There are clean air respite shelters set up throughout the community. Residents are being told to stuff towels under all the doorframes just to have somewhat of a break from the smoke and stay inside.

Much of Deschutes and the Willamette National Forests are still closed and still have fire restrictions. A map of the fire area with both forest closures can be found here.

Eugene Police Department Participated in the ‘Run with the Cops’ event for Special Olympics

Sunday was a warm Fall day with every division in the department on their feet for a cause. Officers were in full uniform and ready to pursue this 5K run that took place at Dorris Ranch in Springfield.

May be an image of 15 people, people standing and outdoors

A big thank you to our employees who took time out of their busy Sunday to participate in this important cause. Also, a big shout out to Lane County Sheriff’s Office and Springfield Police Department for running with us! It was a great way to spend time together outdoors on one of our last warm weather days.

Person Injured When Equipment Falls At Reser Stadium After OSU Football Game

An employee of a contracting firm is recovering after a piece of equipment fell on him at Reser Stadium after the Oregon State University football game, university officials confirmed.

This happened Saturday night after the OSU vs. USC game.

Officials said the equipment fell on his lower body and he was transported to the hospital for medical care.

At this time, it is unknown what caused the equipment to fall and it is unclear what kind of equipment this was.

The university is investigating the incident and said they take safety very seriously.

Albany Fire Department Receives $1.33 Million To Hire Firefighters

The Albany Fire Department, as well as fire districts in Scappoose and Portland, will be receiving a total of several million dollars in federal funding to support their operations.

The Department of Homeland Security reports the city of Albany has secured $1.33 million in funding from the Staffing for Adequate Fire and Emergency Response (SAFER) program to hire firefighters. Albany officials say the extra funding will be very helpful to meet the growing needs of the fire department.

“The City of Albany is experiencing significant growth, and we continue to face pressures on our budget,” said Albany City Manager Peter Troedsson. “We’re grateful for these federal funds which will help us to keep up with growth and continue to provide important emergency services to the people of our community.”

Albany is not the only city to receive federal funding. Portland is getting $2.07 from the same SAFER program as Albany, also to hire firefighters, and the Scappoose Rural Fire Department earned just over $399,000 for new vehicles from the federal Assistance to Firefighters Grants program.
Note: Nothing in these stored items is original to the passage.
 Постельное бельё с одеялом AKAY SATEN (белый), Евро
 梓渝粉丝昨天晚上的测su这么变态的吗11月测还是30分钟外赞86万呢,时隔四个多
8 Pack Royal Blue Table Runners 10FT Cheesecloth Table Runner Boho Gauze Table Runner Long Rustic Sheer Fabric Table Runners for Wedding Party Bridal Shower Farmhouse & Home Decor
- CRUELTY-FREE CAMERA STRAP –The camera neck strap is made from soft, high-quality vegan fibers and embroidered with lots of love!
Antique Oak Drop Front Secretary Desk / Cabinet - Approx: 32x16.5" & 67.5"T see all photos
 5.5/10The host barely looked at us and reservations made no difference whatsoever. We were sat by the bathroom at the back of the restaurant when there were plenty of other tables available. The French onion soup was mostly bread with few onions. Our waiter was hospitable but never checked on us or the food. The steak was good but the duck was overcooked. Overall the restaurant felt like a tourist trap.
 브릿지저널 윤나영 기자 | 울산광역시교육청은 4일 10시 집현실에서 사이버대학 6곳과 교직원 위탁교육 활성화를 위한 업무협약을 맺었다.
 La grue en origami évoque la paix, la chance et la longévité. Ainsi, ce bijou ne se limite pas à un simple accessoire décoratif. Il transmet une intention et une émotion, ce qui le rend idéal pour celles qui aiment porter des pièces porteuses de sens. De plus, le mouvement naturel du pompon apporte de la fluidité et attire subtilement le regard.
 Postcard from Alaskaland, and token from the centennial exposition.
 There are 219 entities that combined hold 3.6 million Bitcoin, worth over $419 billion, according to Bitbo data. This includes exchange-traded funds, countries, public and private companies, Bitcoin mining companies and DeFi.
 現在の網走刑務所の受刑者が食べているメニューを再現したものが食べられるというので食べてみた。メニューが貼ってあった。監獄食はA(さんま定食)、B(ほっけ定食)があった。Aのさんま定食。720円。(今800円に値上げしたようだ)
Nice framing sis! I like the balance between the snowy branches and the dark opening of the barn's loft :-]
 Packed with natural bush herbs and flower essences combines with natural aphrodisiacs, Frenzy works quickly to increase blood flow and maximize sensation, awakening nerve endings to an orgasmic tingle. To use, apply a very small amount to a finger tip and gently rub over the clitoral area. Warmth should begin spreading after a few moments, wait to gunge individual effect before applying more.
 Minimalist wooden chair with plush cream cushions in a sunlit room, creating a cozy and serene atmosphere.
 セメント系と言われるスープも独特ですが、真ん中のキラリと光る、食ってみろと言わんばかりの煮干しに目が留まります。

A day after the Oregon Health Authority declared a new era in the state’s approach to drug addiction had begun, experts warned legislators that the state’s drug epidemic is worsening while its new approach lacks crucial
elements to stem the crisis.

Keith Humphreys, director of the Stanford Network on Addiction Policy, based at Stanford University in California, said the state’s shift away from prosecuting people with addiction problems toward boosting medical and social services lacks a push for people to stop using drugs and seek treatment.

Harm reduction programs, including clean needle exchanges and giving people the medication naloxone to reverse an overdose, aim to keep people alive, not deter them from drugs.

Measure 110, passed in November 2020, made Oregon the first state nationwide to decriminalize possession of small amounts of illicit drugs while funneling hundreds of millions of dollars toward medical and social support.
The state announced Tuesday it had distributed more than $260 million to set up addiction and social services support in every county – a year later than scheduled. In the meantime, deadly pills laced with fentanyl along with
methamphetamine are pouring into the state, attracting and killing a growing number of teenagers.

The fact that we have an updated COVID-19 booster that targets the predominant variants circulating today is a wonder of science, but how do we know it’s safe and effective?

photo of the covid omicron booster vaccine bottle

In late June, the U.S. Food and Drug Administration weighed administering the original COVID-19 vaccine as the next round of booster doses against asking manufacturers to develop an updated version. The agency evaluated several options.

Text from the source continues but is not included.